Тутъ онъ подумалъ, что лучше бы разговаривалъ со спасенною имъ дѣвушкой, чѣмъ съ злымъ сатаной, желающимъ совратить его съ пути истиннаго, и сталъ ей разсказывать какъ мальчикъ сообщилъ ему о свиданіи, назначенномъ ей Лауренцано, и что за тѣмъ произошло.

— Такъ вы все знаете и будете, конечно, считать меня очень дурной?

— Мы всѣ только плоть и кровь, — отвѣчалъ онъ добродушно, — и душа наша будетъ грѣшить до тѣхъ поръ, пока мы бродимъ на свѣтѣ и въ себѣ самихъ носимъ камень преткновенія.

— Благодарю васъ, отецъ, за то, что вы не осудили меня строже.

— Не мое это дѣло, — отвѣчалъ баптистъ. — Не до чужихъ тутъ грѣховъ, когда и своихъ не пересчитать,

— О, вы очень добры! Но подумать страшно о томъ, что будутъ говорить обо мнѣ другіе.

— Надо же людямъ болтать, — отвѣчалъ старикъ, — коли гуси не говорятъ. Примиритесь только съ Господомъ Богомъ. Посмотрите, вонъ и Іоргъ съ телѣжкой.

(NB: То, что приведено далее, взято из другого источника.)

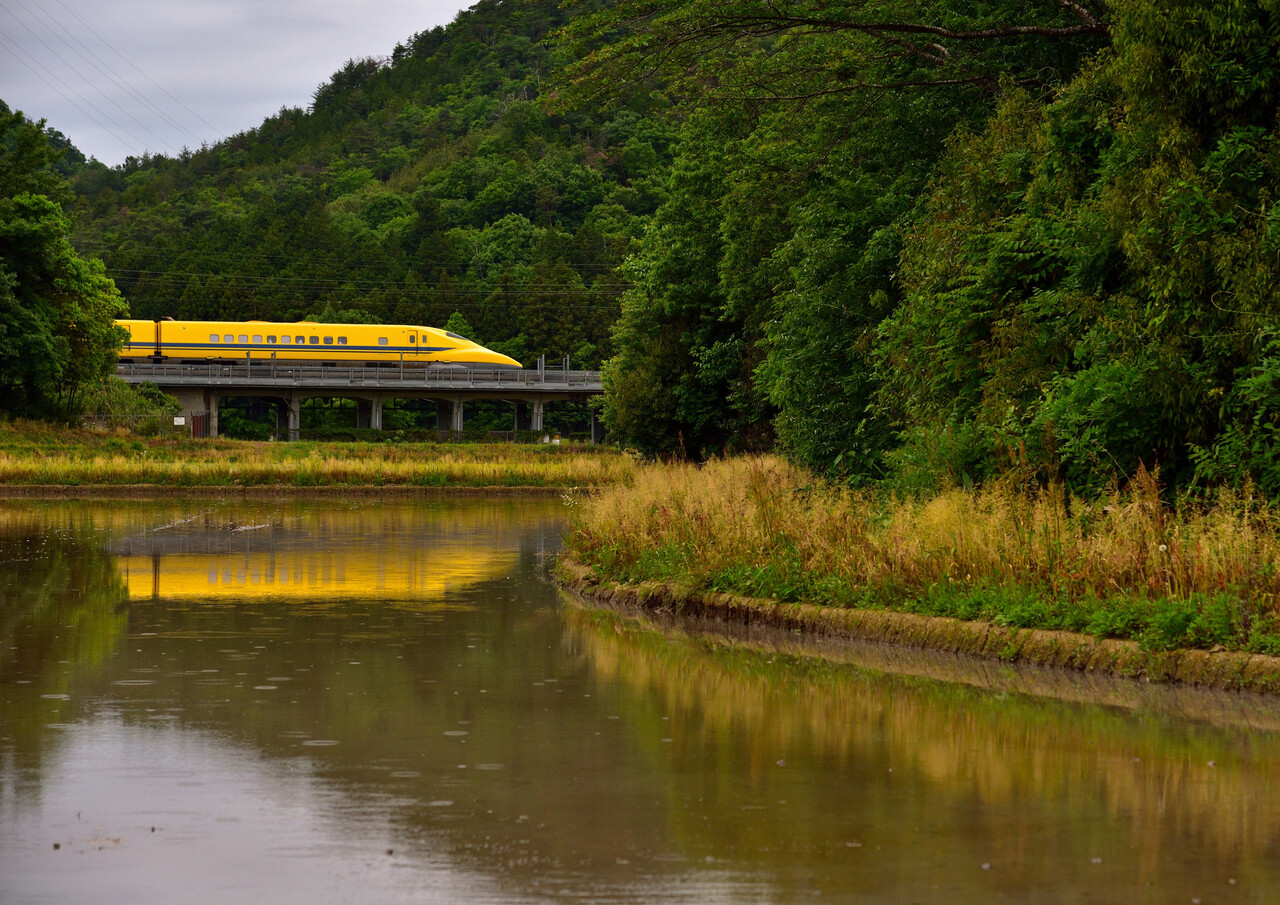 2024年05月19日 今日のドクタ-イエロ-:5/19 今日は朝から曇り空。雨も降ってくるようでしたが、早朝から米原方面へ・・・。今日のDYを何処で撮るかかなり悩みましたが、今シ-ズン最初で最後のチャンスと思い水鏡狙いで・・・。5月19日 1/2000 f/5 -1.0補正 ISO-500 米原~岐阜羽島間今日は7号車に人影が・・・。けっこう乗り込んでおられたようです。5月19日 1/2000 f/5 -1.0補正 ISO-450 米原~岐阜羽島間狙いとしてはこちらが本命でした。雨も降っており綺麗な水鏡にはなりませんでしたが、通過直前までの状況からすればかなりマシだったかと・・・。午後からは特に雨風に翻弄されましたが、楽しむことが出来ました。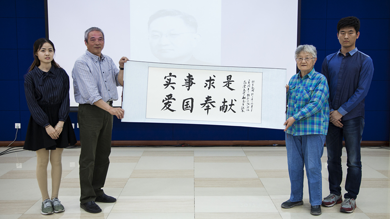 学生代表学院全体师生向王守融先生的家人敬献书法作品“实事求是、爱国奉献”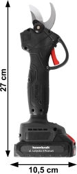Scherpe stalen messen en een krachtige motor (tot 600 W) zorgen voor schone en snelle sneden in takken tot 30 mm diameter – ideaal voor bomen, struiken en wijnranken.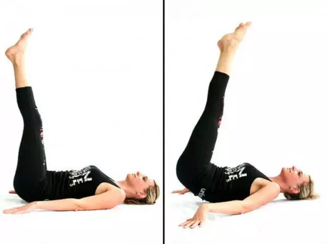 平躺抬腿,使你的腿和身体形成一个L 形。提髋直至你的臀部离开地面。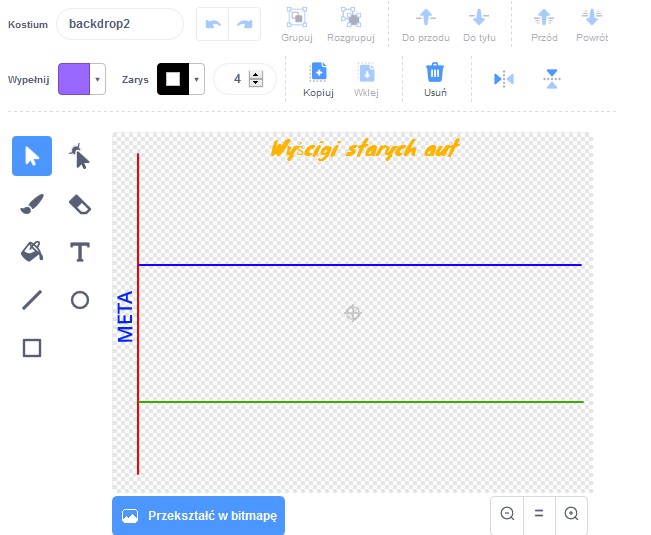Przygotujemy scenę wyścigu w edytorze grafiki (najlepiej w trybie wektorowym).

И, дѣйствительно, на дорогѣ, весело пощелкивая кнутомъ, показался мальчикъ, изображавшій ночью чорта.

— Теперь мы васъ осторожно положимъ въ корзину и задернемъ занавѣску.

Озабоченная Варвара увидала ихъ еще на мосту и тотчасъ выбѣжала на встрѣчу. Мельникъ ничего не объяснялъ ей. «Барышня нечаянно повредила ногу», — сказалъ онъ, осторожно внося ее по лѣстницѣ. Варвара, по совѣту мельника, завернула больную ногу въ мокрые платки, а къ обѣду возвратился отецъ и наложилъ повязку. Честный баптистъ наскоро распрощался и уклонился отъ всякой благодарности. Сначала отецъ самъ запретилъ больной разговаривать, а на слѣдующій день удовольствовался односложными отвѣтами Клитіи.

Онъ радовался, что леченіе идетъ успѣшно, а старая Варвара бранила открытыя рѣнныя ямы, въ которыхъ уже ни одинъ человѣкъ ломалъ себѣ ноги. Когда позднѣе отецъ потребовалъ отъ Клитіи болѣе подробный отчетъ о ея приключеніи, его изумила просьба дѣвушки позволить ей умолчать о причинѣ ея несчастія.

Онъ покачалъ головой и не сталъ настаивать.

«Она, вѣроятно, пострадала по чьей-нибудь чужой винѣ», — подумалъ онъ и былъ очень доволенъ, что она избавила его отъ новыхъ хлопотъ; у него и такъ было еще больше дѣла, чѣмъ прежде. О магистрѣ Лауренцано ничего не было слышно въ Гейдельбергѣ, кромѣ того, что онъ въ отпуску до начала занятій въ Сапіенцъ-коллегіи и проситъ увольненія отъ мѣста монастырскаго проповѣдника.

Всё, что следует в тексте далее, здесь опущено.